● **What the exercise asks**: Retype the data that follows exactly. No pictures belong in the copy.

● **Input data**:
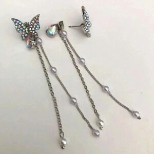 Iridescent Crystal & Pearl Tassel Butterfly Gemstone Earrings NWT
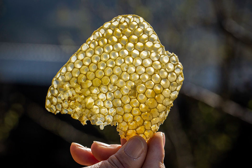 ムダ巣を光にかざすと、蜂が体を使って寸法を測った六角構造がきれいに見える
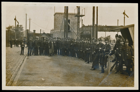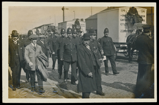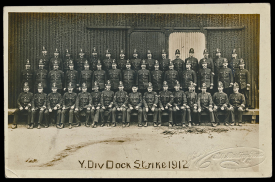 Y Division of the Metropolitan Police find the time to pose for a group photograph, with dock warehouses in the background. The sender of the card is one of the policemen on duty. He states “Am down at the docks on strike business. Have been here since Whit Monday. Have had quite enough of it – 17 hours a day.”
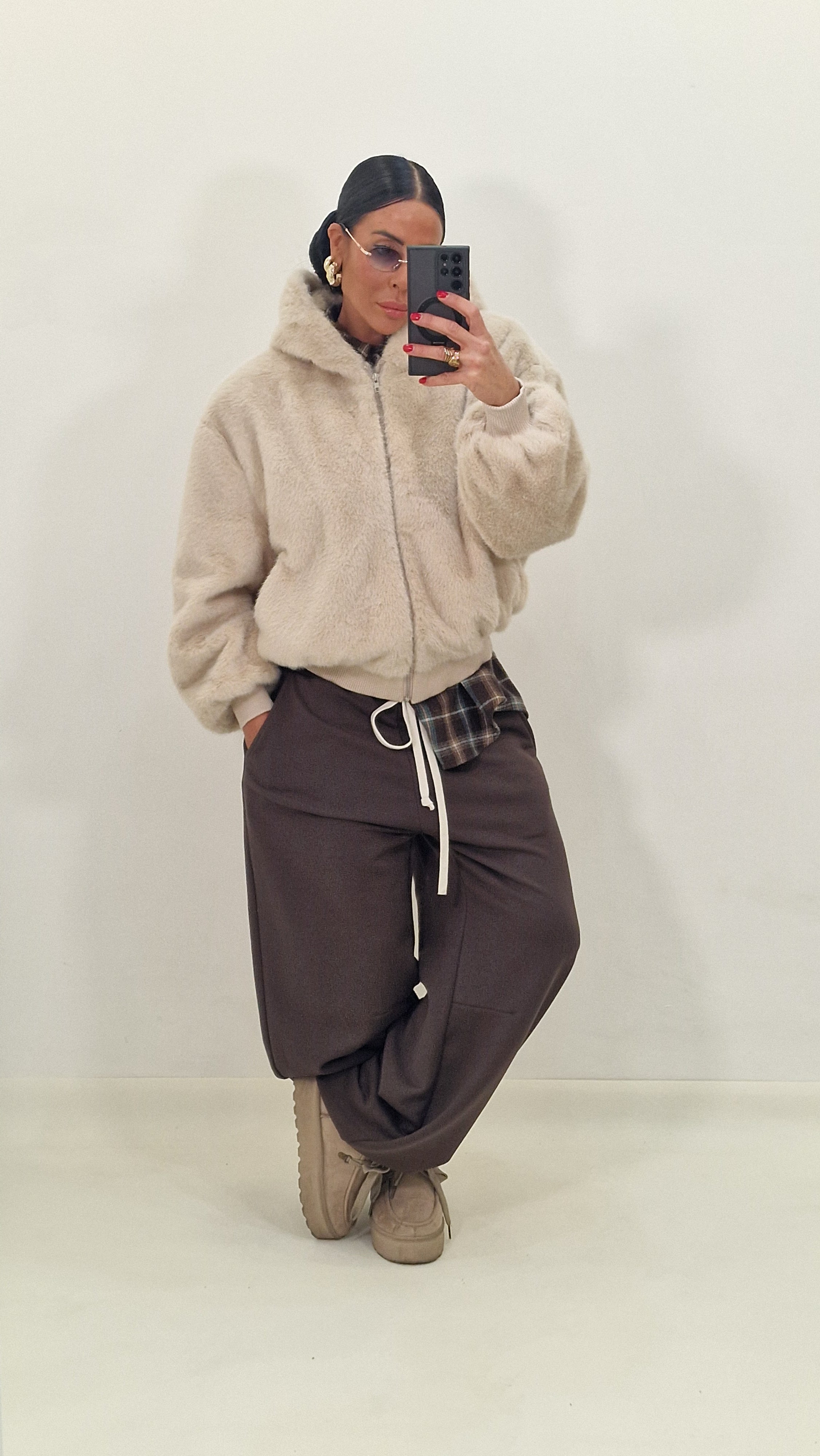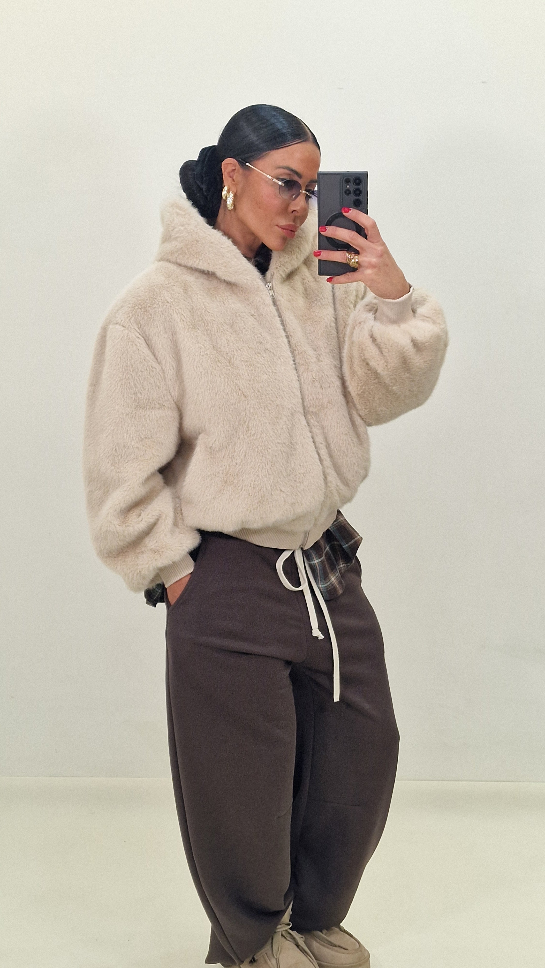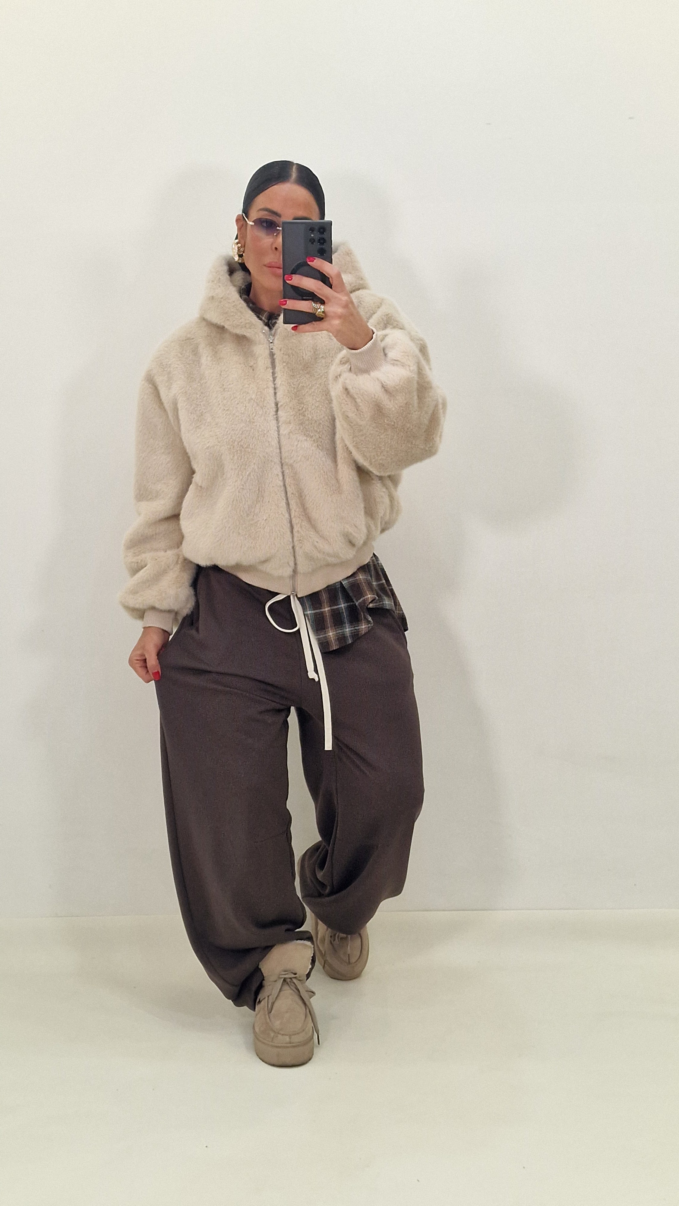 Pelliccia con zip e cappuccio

● **Task response**:
 Iridescent Crystal & Pearl Tassel Butterfly Gemstone Earrings NWT
 ムダ巣を光にかざすと、蜂が体を使って寸法を測った六角構造がきれいに見える
 Y Division of the Metropolitan Police find the time to pose for a group photograph, with dock warehouses in the background. The sender of the card is one of the policemen on duty. He states “Am down at the docks on strike business. Have been here since Whit Monday. Have had quite enough of it – 17 hours a day.”
 Pelliccia con zip e cappuccio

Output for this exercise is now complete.